### How to complete this task
Each line in the material below, starting at the one that contains "Günlük Teknik Analiz Bazlı Yatırım Fikirleri" and ending at the one that contains "This set of", should be repeated exactly; the pictures should not.

### Data supplied

*****

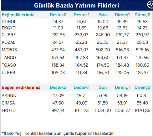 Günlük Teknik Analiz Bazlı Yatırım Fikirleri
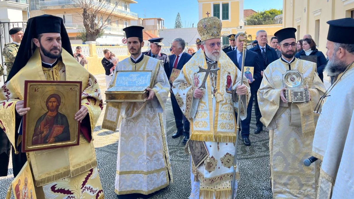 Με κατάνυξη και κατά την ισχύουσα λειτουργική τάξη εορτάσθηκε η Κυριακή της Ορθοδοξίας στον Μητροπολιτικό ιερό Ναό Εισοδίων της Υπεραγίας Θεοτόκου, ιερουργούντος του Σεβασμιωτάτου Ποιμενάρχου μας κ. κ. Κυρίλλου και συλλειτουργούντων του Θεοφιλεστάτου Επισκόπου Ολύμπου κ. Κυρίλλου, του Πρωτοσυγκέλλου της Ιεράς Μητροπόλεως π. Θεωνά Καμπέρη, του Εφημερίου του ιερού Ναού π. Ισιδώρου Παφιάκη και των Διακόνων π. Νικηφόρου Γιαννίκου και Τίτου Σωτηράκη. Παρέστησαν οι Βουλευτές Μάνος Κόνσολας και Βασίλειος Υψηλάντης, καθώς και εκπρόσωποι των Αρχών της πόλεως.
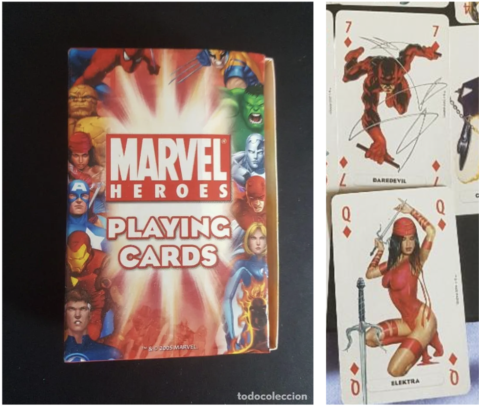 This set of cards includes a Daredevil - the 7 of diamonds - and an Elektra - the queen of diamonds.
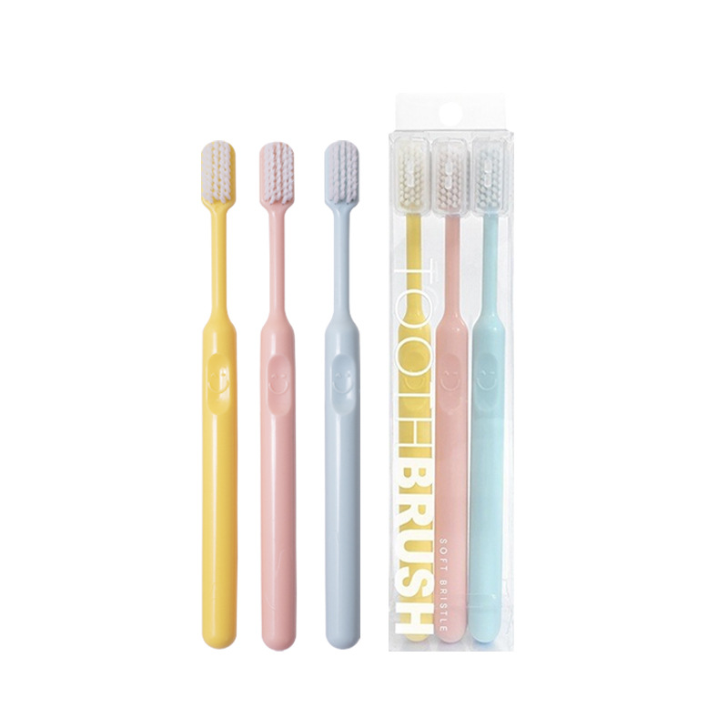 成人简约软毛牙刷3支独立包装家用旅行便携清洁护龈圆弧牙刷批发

*****

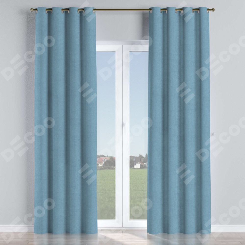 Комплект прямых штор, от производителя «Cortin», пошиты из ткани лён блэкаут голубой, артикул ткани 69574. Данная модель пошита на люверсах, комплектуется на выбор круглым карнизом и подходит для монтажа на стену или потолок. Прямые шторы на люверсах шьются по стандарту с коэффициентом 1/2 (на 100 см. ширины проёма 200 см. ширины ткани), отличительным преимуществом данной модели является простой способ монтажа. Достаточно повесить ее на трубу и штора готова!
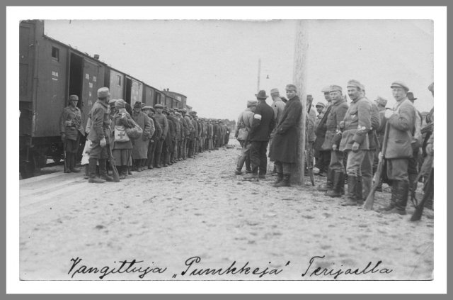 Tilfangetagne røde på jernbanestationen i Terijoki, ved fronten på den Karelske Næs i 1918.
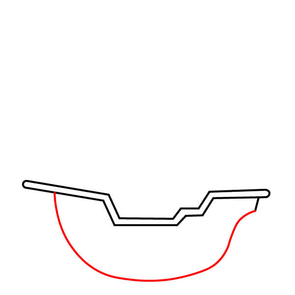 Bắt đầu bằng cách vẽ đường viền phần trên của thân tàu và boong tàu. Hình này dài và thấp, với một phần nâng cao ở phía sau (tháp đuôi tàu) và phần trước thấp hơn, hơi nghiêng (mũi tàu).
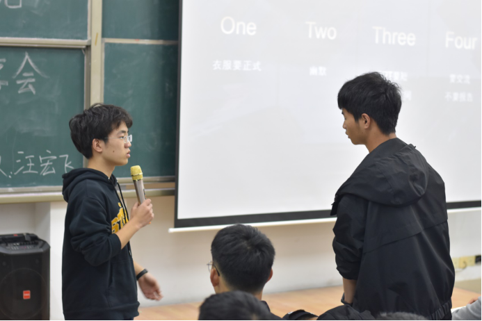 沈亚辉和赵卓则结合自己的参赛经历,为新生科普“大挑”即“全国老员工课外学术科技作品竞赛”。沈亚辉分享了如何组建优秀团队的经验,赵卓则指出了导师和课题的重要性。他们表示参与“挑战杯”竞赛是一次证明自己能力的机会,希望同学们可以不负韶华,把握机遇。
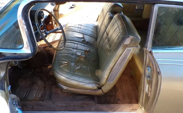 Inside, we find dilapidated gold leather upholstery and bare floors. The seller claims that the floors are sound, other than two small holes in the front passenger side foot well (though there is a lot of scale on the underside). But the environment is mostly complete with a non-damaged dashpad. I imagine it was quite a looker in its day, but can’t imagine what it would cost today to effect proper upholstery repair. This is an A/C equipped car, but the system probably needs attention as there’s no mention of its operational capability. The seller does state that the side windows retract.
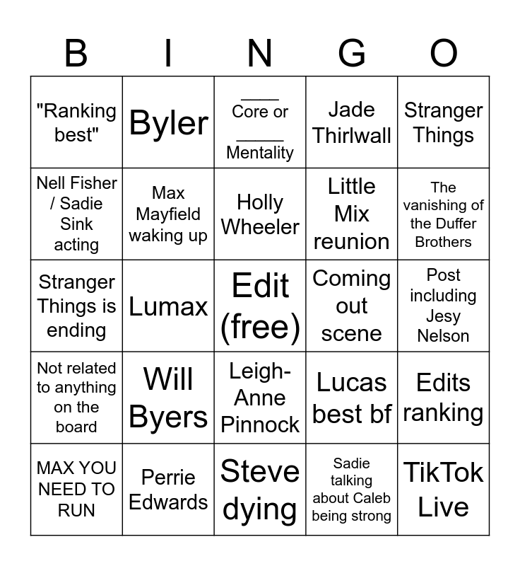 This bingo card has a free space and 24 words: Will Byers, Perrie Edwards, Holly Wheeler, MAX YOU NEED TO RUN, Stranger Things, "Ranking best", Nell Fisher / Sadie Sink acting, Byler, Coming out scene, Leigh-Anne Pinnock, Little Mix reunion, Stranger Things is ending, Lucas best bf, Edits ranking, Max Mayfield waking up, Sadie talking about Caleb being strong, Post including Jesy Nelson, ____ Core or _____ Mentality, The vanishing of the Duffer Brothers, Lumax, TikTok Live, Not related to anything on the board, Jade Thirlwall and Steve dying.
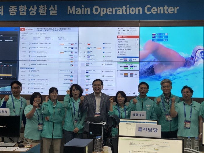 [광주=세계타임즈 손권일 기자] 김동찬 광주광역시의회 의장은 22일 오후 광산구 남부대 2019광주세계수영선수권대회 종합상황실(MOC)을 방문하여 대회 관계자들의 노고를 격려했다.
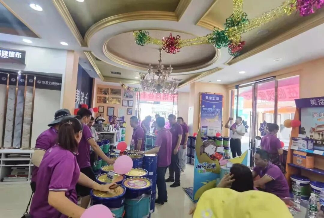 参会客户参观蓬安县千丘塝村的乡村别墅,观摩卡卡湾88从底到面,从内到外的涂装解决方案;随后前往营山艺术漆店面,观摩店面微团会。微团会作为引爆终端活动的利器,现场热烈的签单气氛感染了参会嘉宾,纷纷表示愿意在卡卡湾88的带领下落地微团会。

*****

### Exercise solution
 Günlük Teknik Analiz Bazlı Yatırım Fikirleri
 Με κατάνυξη και κατά την ισχύουσα λειτουργική τάξη εορτάσθηκε η Κυριακή της Ορθοδοξίας στον Μητροπολιτικό ιερό Ναό Εισοδίων της Υπεραγίας Θεοτόκου, ιερουργούντος του Σεβασμιωτάτου Ποιμενάρχου μας κ. κ. Κυρίλλου και συλλειτουργούντων του Θεοφιλεστάτου Επισκόπου Ολύμπου κ. Κυρίλλου, του Πρωτοσυγκέλλου της Ιεράς Μητροπόλεως π. Θεωνά Καμπέρη, του Εφημερίου του ιερού Ναού π. Ισιδώρου Παφιάκη και των Διακόνων π. Νικηφόρου Γιαννίκου και Τίτου Σωτηράκη. Παρέστησαν οι Βουλευτές Μάνος Κόνσολας και Βασίλειος Υψηλάντης, καθώς και εκπρόσωποι των Αρχών της πόλεως.
 This set of cards includes a Daredevil - the 7 of diamonds - and an Elektra - the queen of diamonds.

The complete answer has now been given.